# Where can SLANKETS be purchased in Ireland?



## gocall01 (4 Dec 2009)

As the heading suggests!
Does anyone know where can SLANKETS be purchased in Ireland?

I can get them on-line but I would prefer the purchase in Ireland if possible.
I'm in Cork but will travel...

Thanks.


----------



## packard (4 Dec 2009)

Tesco sell them


----------



## Eithneangela (4 Dec 2009)

Got one in Arnotts Bargain Basement yesterday for €10.


----------



## MANTO (4 Dec 2009)

Pennies are doing their version also.


----------



## schmile (4 Dec 2009)

JML do a version as do penneys. I have had one for a few months and find them really inconvenient they are too long and get in the way I thought it would be great and I love regular fleece blankets but they are just a nuisance


----------



## Sue Ellen (4 Dec 2009)

Think I saw an ad on TV3 this morning for them for Heatons so they are probably doing the JML version.


----------



## galleyslave (4 Dec 2009)

never heard of these before now... cant' think of the advantage over a blanket or a dressing gown.... maybe I'm a grumpy old man


----------



## messyleo (4 Dec 2009)

There is also an irish online store that sells them:
[broken link removed]

I have no connection with, and have never used the site.


----------



## MandaC (6 Dec 2009)

Had a look at that site

Whoever invented that product should be prosecuted for crimes against taste.

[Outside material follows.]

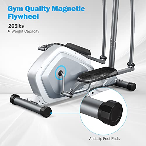 ►【All-in-one Workout Station】The elliptical machine allows you to train upper and lower muscle groups simultaneously. With the help of high quality and noiseless magnetic flywheel, you can enjoy smooth exercising at home. This machine is great for strengthening body strength and build body shape, and it won’t cause too much pressure on your knees.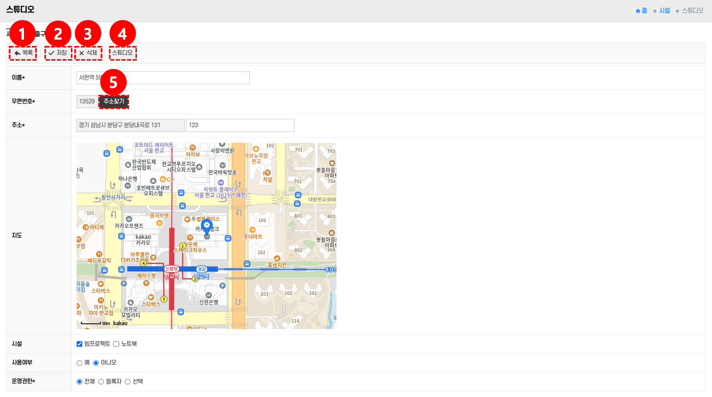 - 저장: 상단의 저장 버튼 ②을 클릭 → 입력한 스튜디오 정보 저장한다.

...hope nobody gets me one for Christmas.


----------



## Arabella (6 Dec 2009)

Bought two at Heatons Tallagh during the week. €15 each ......... but as I headed down the landing I saw them selling for €10 in a fire sale/short lease unit . But I must say that they are brilliant. So light and warm.
manda c, I've just tippexed your name off the tag. You'll have to do with the usual bottle of white Chateau Neuf du Pape


----------



## ney001 (7 Dec 2009)

MandaC said:


> Had a look at that site
> 
> Whoever invented that product should be prosecuted for crimes against taste.
> 
> ...hope nobody gets me one for Christmas.



Couldn't agree more! I did wonder when I saw the advert, will the people who go out in their pyjamas to the shops etc now put this on over their pyjamas? - an overcoat if you will?


----------



## gocall01 (7 Dec 2009)

Oh Boy,

Thought they were a great idea but the practicality looks flawed!
Will rethink my strategy.

Thanks!


----------



## PetPal (7 Dec 2009)

Just bought one today on the Irish Independent Shopping website. I have phone number and product code ref if anybody wants it. Cost 19.95 + post.


----------



## Chocks away (7 Dec 2009)

ney001 said:


> Couldn't agree more! I did wonder when I saw the advert, will the people who go out in their pyjamas to the shops etc now put this on over their pyjamas? - an overcoat if you will?


 
An overcoat that opens at the back?


----------



## ney001 (7 Dec 2009)

Chocks away said:


> An overcoat that opens at the back?



Kind of adds to the laziness of the whole ensemble, pyjamas, open back so you don't need to waste time doing up stupid buttons or anything!


----------